Author: Robert Riggs
Publication: FrontPageMagazine.com
Date: December 11, 2003
URL: http://www.frontpagemag.com/Articles/ReadArticle.asp?ID=11267
It's Ramadan, the holiest Islamic
month, and the call to prayer rings out daily to the prison system's more
than 7,500 Muslim inmates.
Their burgeoning numbers are a testament
to the fast pace of Islamic converts sweeping through the nation's prisons.
But CBS-11 has uncovered a disturbing half-hour videotape apparently used
as a recruitment tool in the Beto One Prison Unit in East Texas.
The confiscated video is titled
"A Message to the Oppressed" and carried a militant Islamic sermon in praise
of terrorists to inmates before authorities seized it during Islamic services.
The tape features the anti-Semitic
exhortations by the California-based Imam Muhammad Abdullah who claims
that the 9/11 terrorist attacks were actually carried out by the Israeli
and U.S. governments.
"Are we to believe that some person
that some people walked in airports and hijacked airplanes and then just
went and blew up buildings blew up the Pentagon?
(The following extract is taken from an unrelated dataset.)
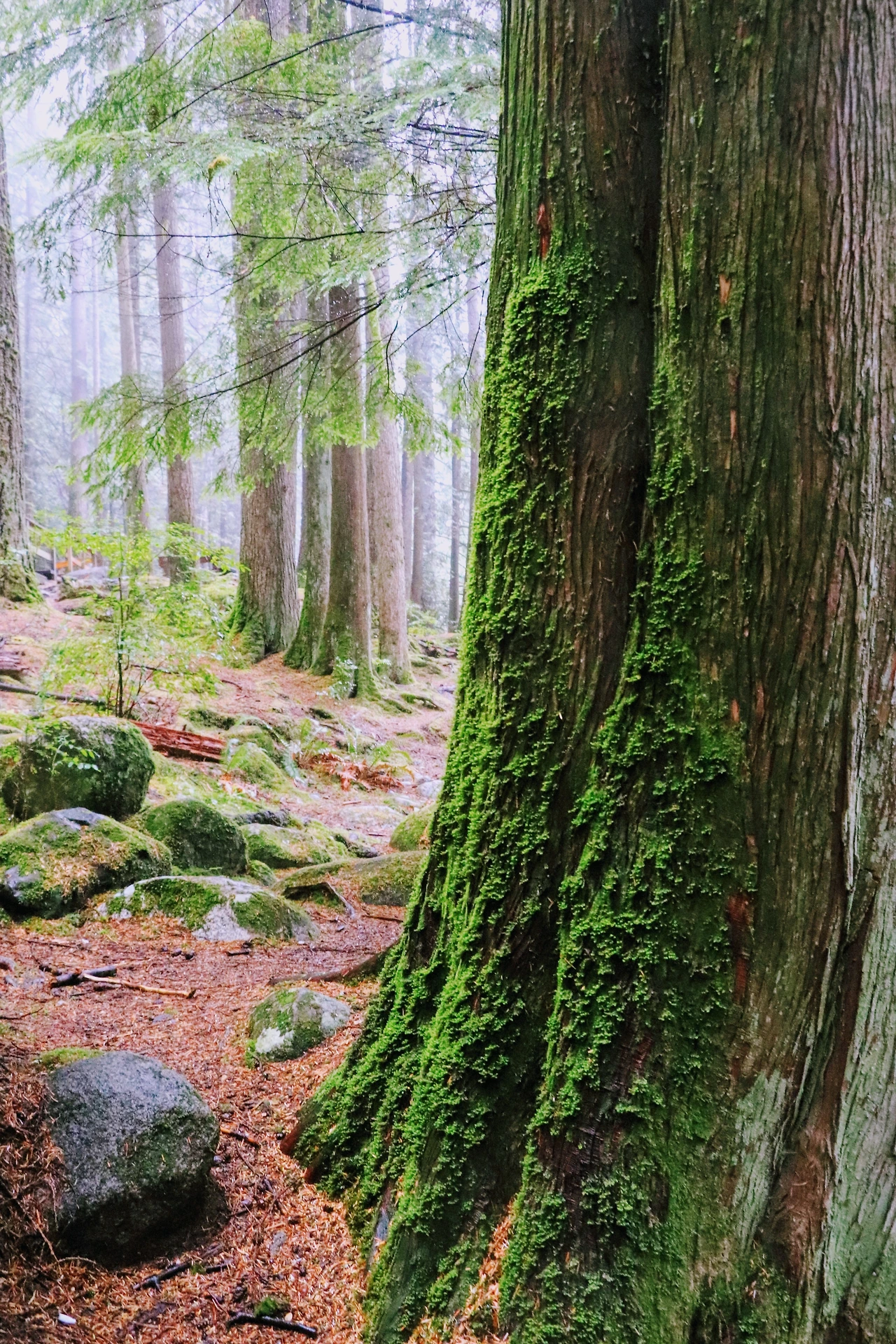 나무들이 좀처럼 휘지 않고 하늘을 향해 쭉쭉 뻗어있었다. 위를 한참 올려다 보아도 얼마나 커다란지 가늠이 안 되는 크기. 중간중간 쓰러져 있는 나무의 몸통을 따라 뿌리에서 줄기 끝까지 걸어보았다. 그제야 나무들이 얼마나 높은 곳까지 올라 있는지 헤아려진다. 땅에서, 돌멩이에서 시작해 나무를 타고 올라가는 이끼도 깨끗하고 앙증맞다. 이곳에 오기 얼마 전 한국에서 차로 몇 시간을 달려 이끼계곡까지 다녀온 일이 무색해졌다. 이토록 흔하게 만날 수 있는 이끼인데.

This is ignorance to the
max."
The Imam's tape ends by giving credit
to Hamas, al-Jihad and Hizballah. All three groups are listed as terror
organizations by the State Department.
Repeated efforts to reach Muhammad
Abdullah were unsuccessful. Public records indicate that Abdullah has been
an Imam in the California Youth Authority.
Inmate David Swanson, Assistant
Imam at the Ramsey One Unit, says his brothers there would never have allowed
such a tape to be shown.
"We don't condone that and we don't
try to promote that but at the same time we want Americans, our families,
our loved ones to understand that we are in this relationship with God,
not any ideologies or any ideas that may be contradictory to what God want
us to live," he said.
But the Anti-Defamation League,
also a target of the tape, says the message is part of a dangerous anti-Semitic
conspiracy theory gathering force around the world.
"These are the people who are trying
to create the image that war in Iraqand the war in Afghanistan is really
not a war against terrorists and terrorism, but rather a war against Islam,"
said the Dallas Anti-Defamation League's Mark Briskman.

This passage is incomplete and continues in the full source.